Start of Given records

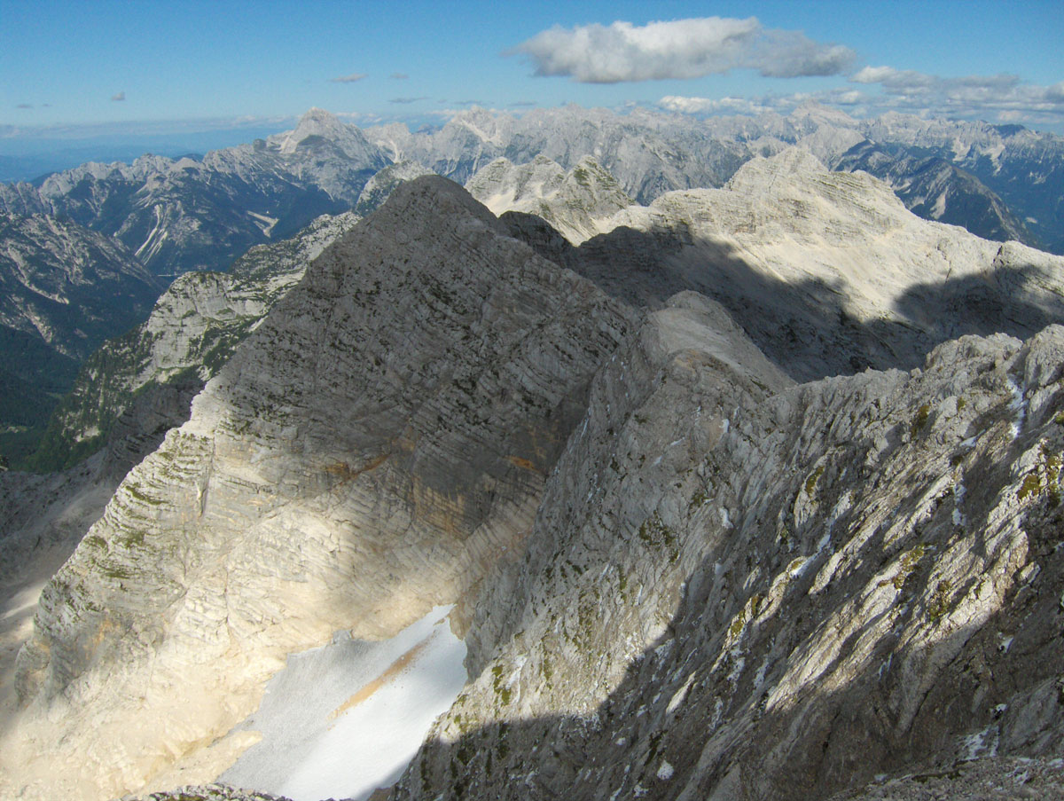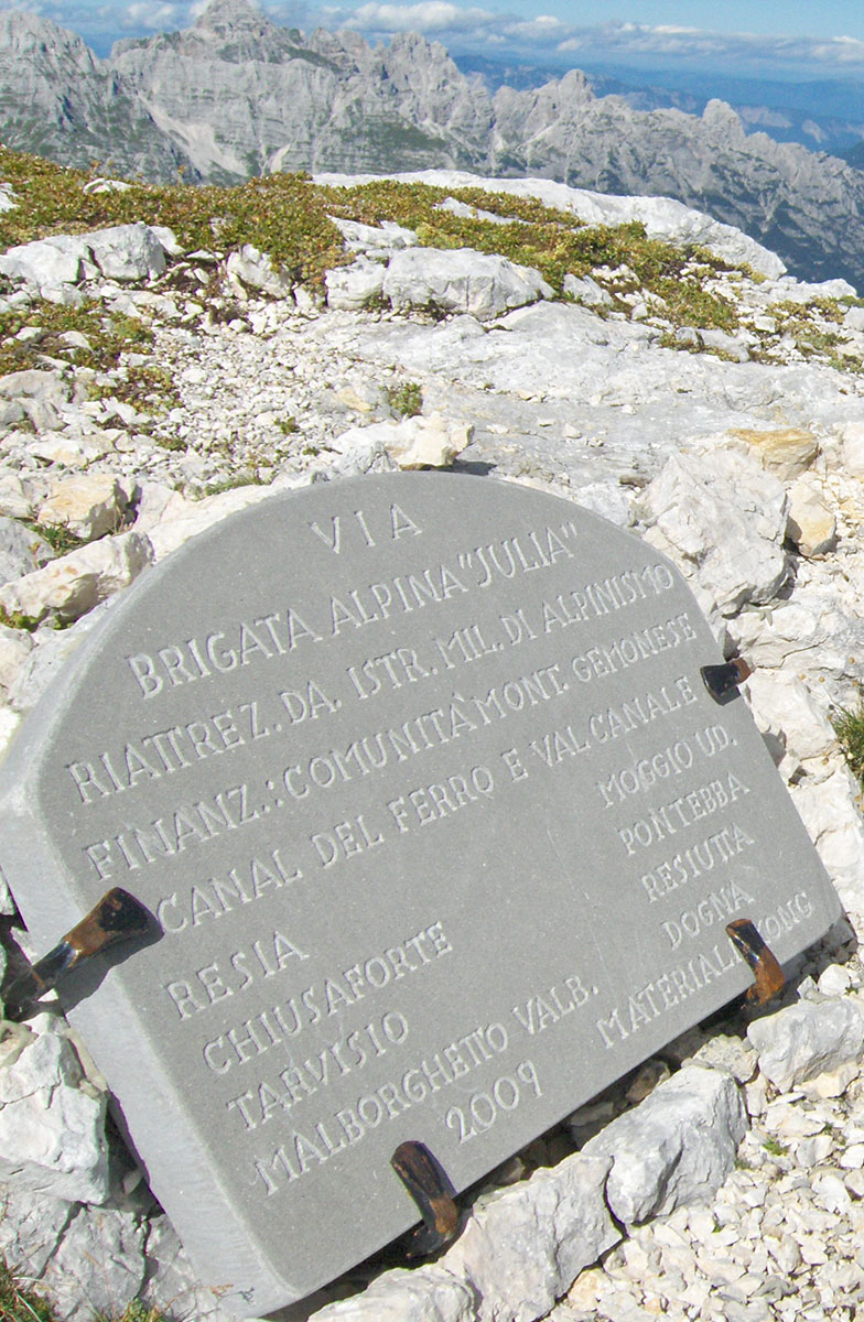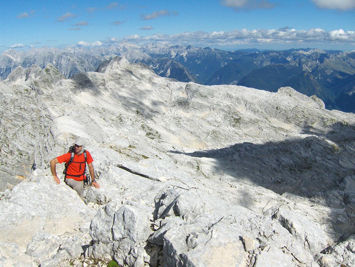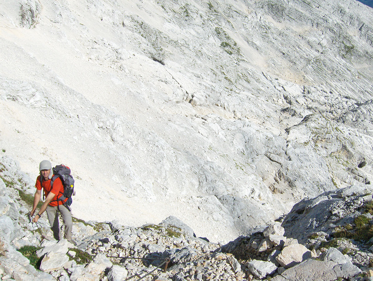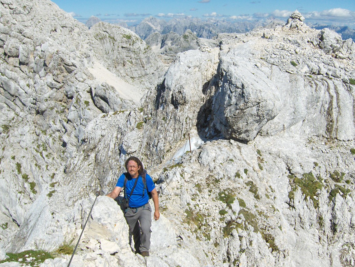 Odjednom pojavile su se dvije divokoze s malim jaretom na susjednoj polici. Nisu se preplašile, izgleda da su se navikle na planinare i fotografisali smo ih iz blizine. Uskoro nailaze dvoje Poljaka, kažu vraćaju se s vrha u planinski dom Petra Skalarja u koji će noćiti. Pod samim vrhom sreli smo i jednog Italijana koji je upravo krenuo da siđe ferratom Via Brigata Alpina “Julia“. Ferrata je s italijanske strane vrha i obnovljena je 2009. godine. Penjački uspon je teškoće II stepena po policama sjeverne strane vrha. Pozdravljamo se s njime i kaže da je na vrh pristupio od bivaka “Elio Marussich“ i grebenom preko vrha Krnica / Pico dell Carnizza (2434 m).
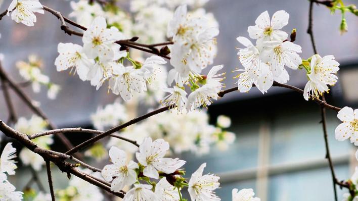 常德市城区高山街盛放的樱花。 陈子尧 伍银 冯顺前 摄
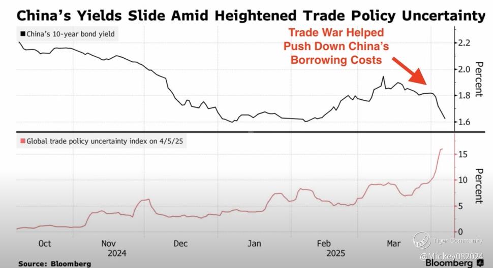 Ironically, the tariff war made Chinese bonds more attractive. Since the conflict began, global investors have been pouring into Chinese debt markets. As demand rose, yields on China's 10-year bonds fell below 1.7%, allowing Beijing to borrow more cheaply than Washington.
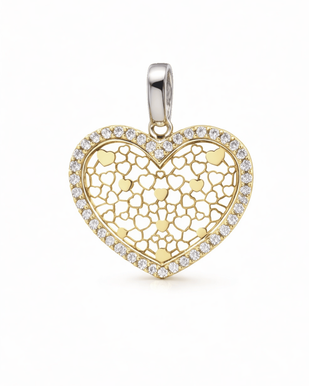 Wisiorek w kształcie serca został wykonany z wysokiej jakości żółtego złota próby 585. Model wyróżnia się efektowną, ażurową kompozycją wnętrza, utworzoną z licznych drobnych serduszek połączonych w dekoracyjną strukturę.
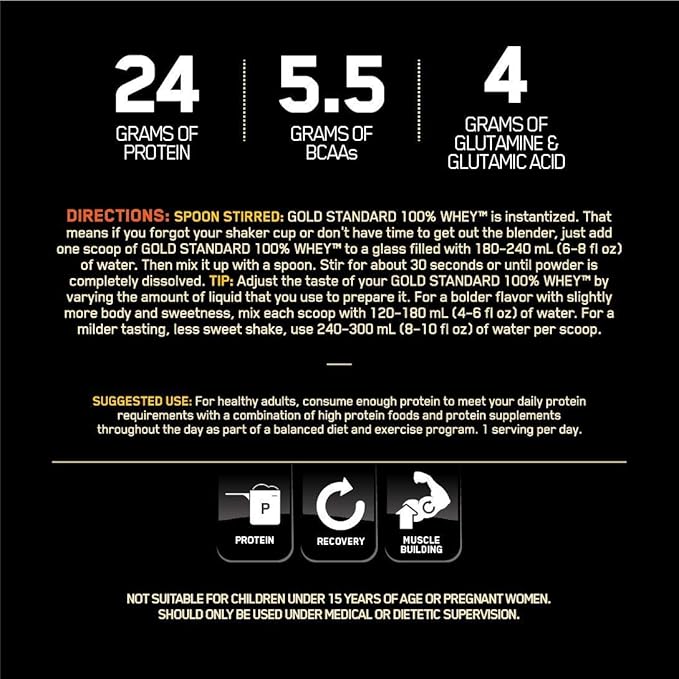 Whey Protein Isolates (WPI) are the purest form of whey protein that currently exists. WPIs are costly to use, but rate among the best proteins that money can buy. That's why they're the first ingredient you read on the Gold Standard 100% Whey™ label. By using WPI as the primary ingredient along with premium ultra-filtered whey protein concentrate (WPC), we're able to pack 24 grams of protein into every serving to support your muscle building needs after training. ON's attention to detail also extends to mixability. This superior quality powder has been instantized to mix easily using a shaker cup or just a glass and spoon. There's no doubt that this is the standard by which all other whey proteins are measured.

End of Given records

Prompt ->
Print everything from the line with "Ironically, the tariff" down to the line with "Wisiorek w kształcie" in the entries above, both lines included and nothing more, without the pictures.

Exercise answer ->
 Ironically, the tariff war made Chinese bonds more attractive. Since the conflict began, global investors have been pouring into Chinese debt markets. As demand rose, yields on China's 10-year bonds fell below 1.7%, allowing Beijing to borrow more cheaply than Washington.
 Wisiorek w kształcie serca został wykonany z wysokiej jakości żółtego złota próby 585. Model wyróżnia się efektowną, ażurową kompozycją wnętrza, utworzoną z licznych drobnych serduszek połączonych w dekoracyjną strukturę.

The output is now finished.